* **HOW TO COMPLETE THIS TASK**: The result should hold only the lines from the one with "فلزی ضخیم با" through the final line of the data below, transcribed exactly, pictures left out.

* **EXERCISE DATA**:
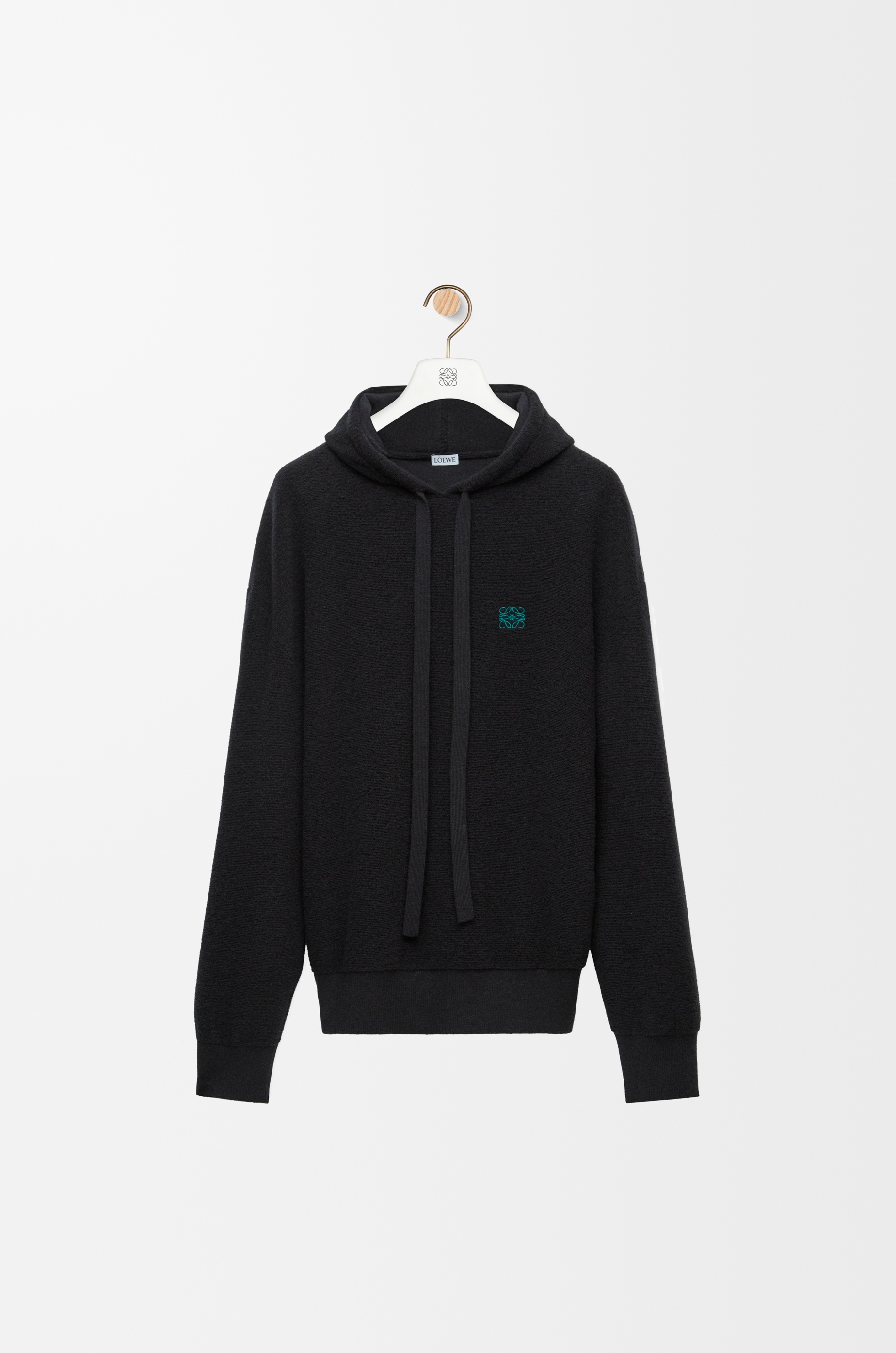 Hoodie in medium-weight wool. - Relaxed fit, regular length - Terry stitch - Hooded collar with drawstring - Ribbed cuffs and hem - Anagram embroidery placed at the chest Details - Colour : Black - Main material : Wool - Weight : 0.7 kg - Model ID : H526Y14KKA - Made in : Italy
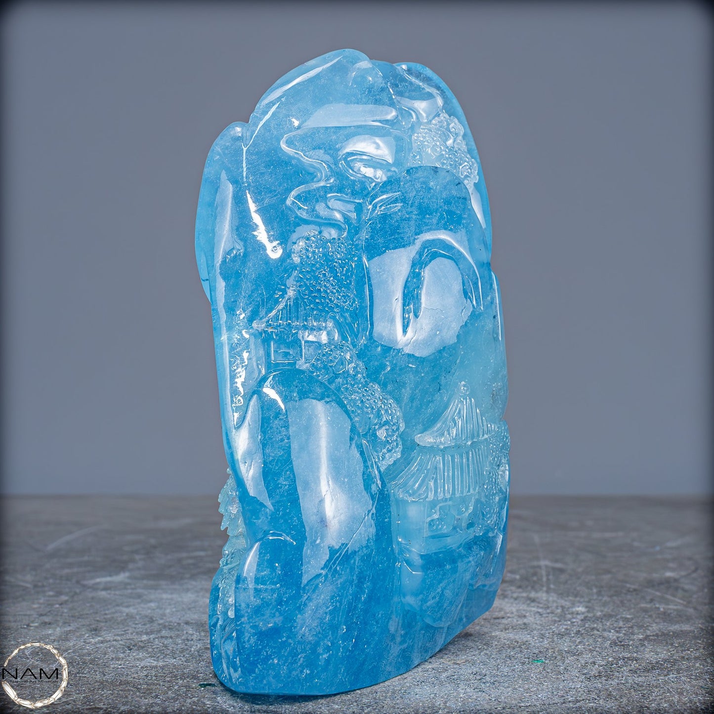 Erleben Sie die Schönheit und Eleganz dieser einzigartigen, natürlichen Aquamarin-Schnitzerei. Das Kunstwerk besticht durch seine zarte, teils transparente Struktur, die das Licht in einem sanften, aquamarinblauen Schimmer einfängt und reflektiert. Diese meisterhaft handgefertigte Schnitzerei zeigt detaillierte florale Motive und feine Linien, die die natürliche Klarheit und Reinheit des Aquamarins hervorheben.
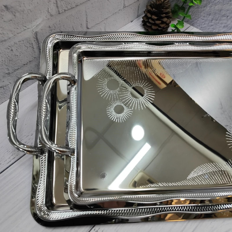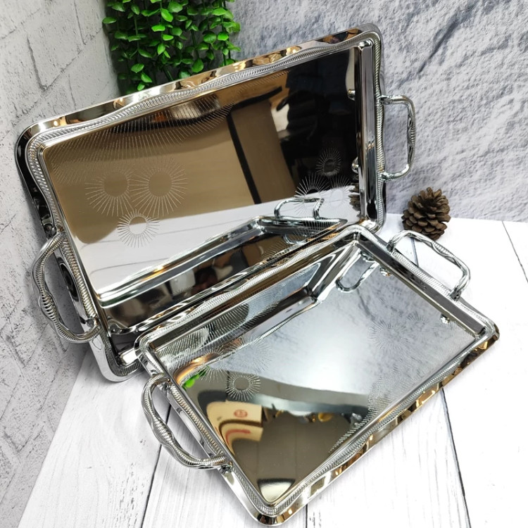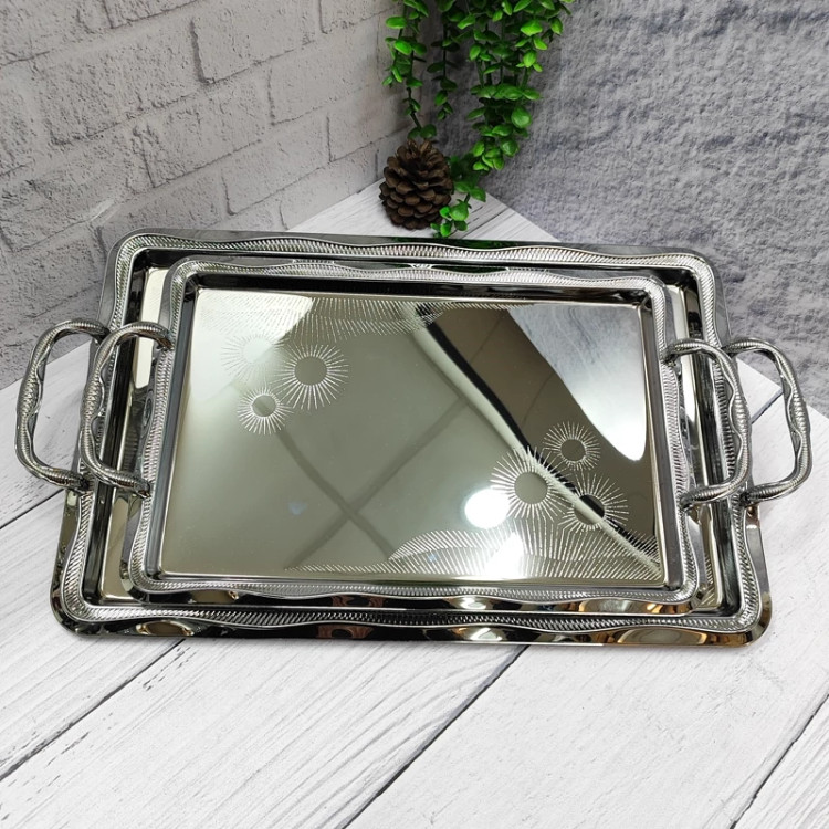 فلزی ضخیم با ورق 0/6 سیلور کف سینی طرح دار دو عددی در دو سایز بزرگ و کوچک سایز بزرگ(42/5در27/5)بدون احتساب دسته سایز کوچک(34/5 در 23/5) بدون احتساب دسته دسته ها از جنس زاماک(آلیاژ روی و الومینیوم) جعبه کادویی زیبا برند وینکس
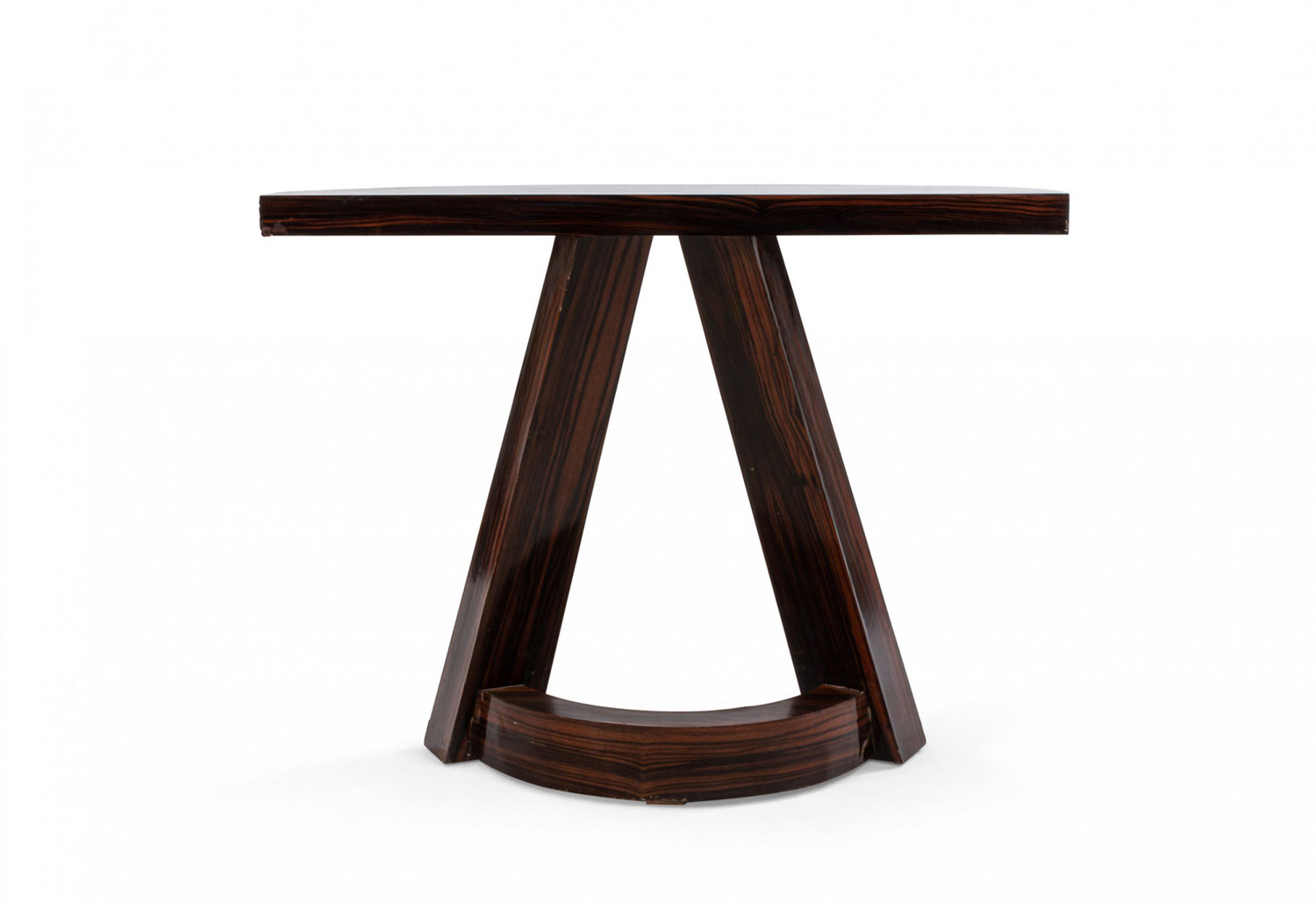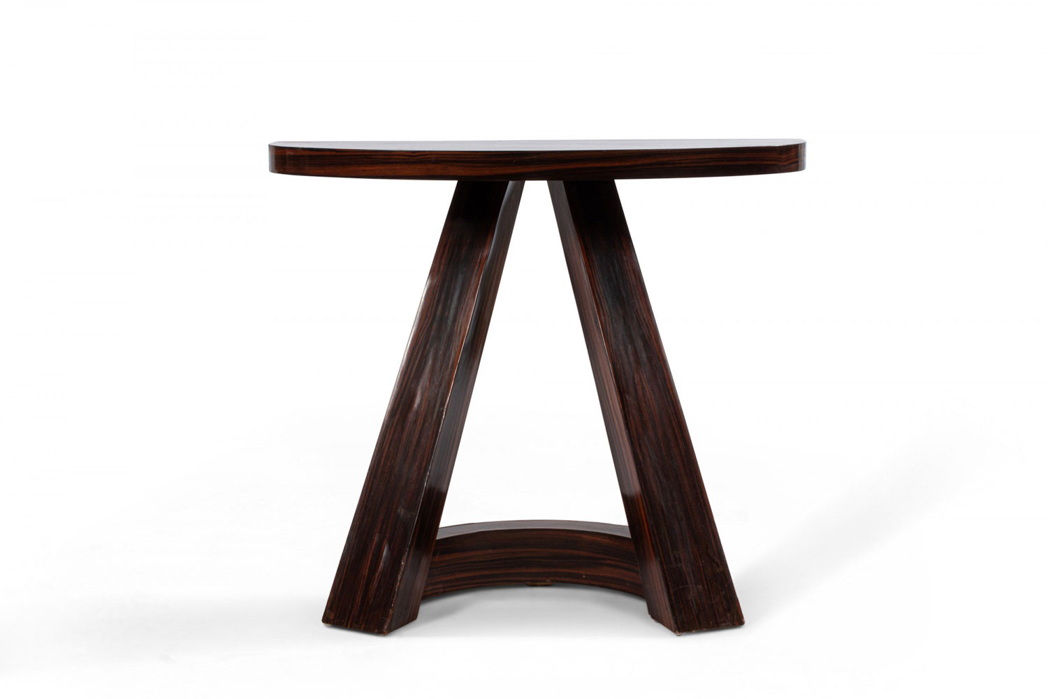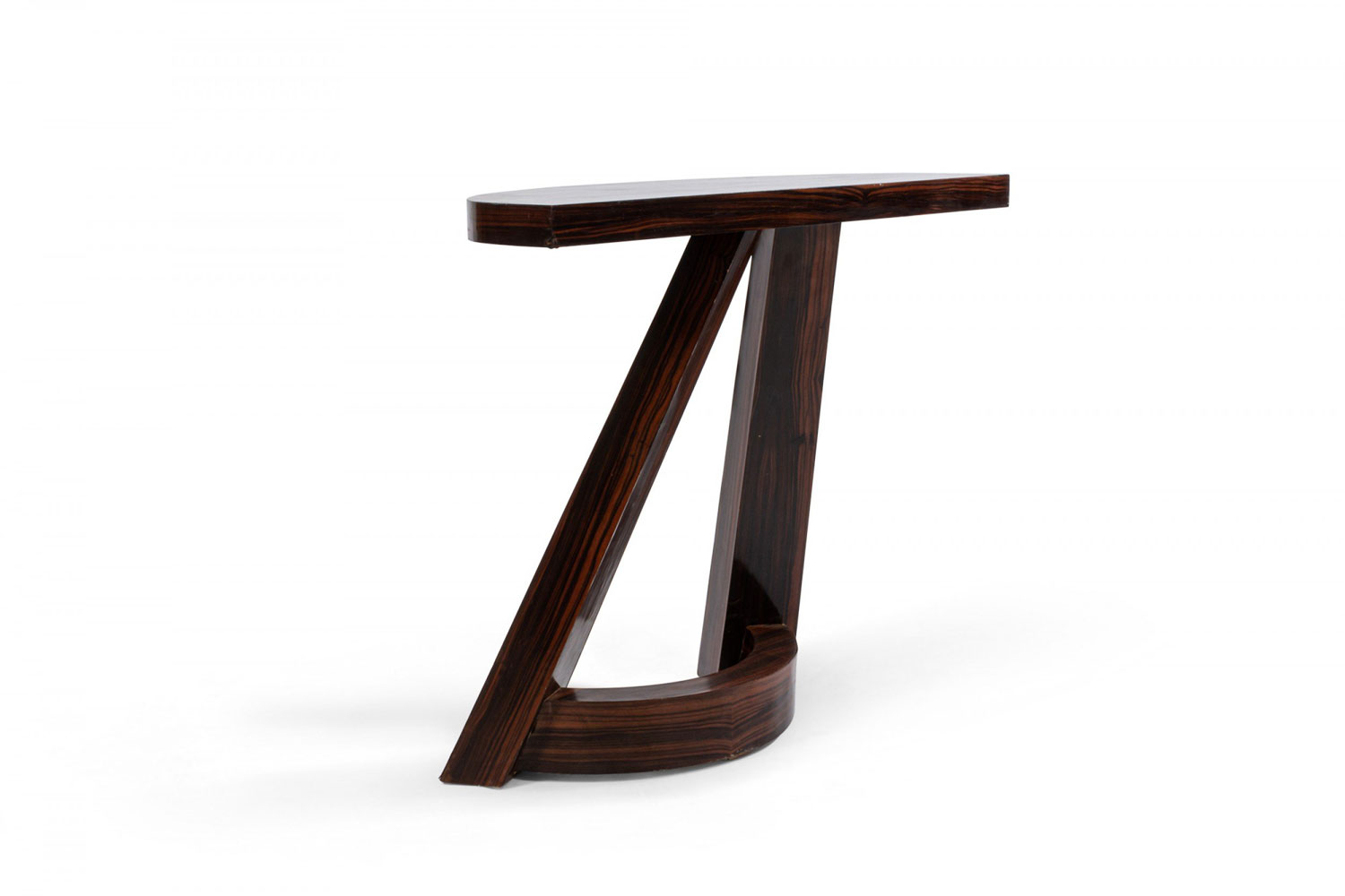 Italian Mid-Century (1940s) rosewood console table with a demilune top above 2 extended front legs with a curved stretcher

* **OUTPUT OF THE EXERCISE**:
 فلزی ضخیم با ورق 0/6 سیلور کف سینی طرح دار دو عددی در دو سایز بزرگ و کوچک سایز بزرگ(42/5در27/5)بدون احتساب دسته سایز کوچک(34/5 در 23/5) بدون احتساب دسته دسته ها از جنس زاماک(آلیاژ روی و الومینیوم) جعبه کادویی زیبا برند وینکس
 Italian Mid-Century (1940s) rosewood console table with a demilune top above 2 extended front legs with a curved stretcher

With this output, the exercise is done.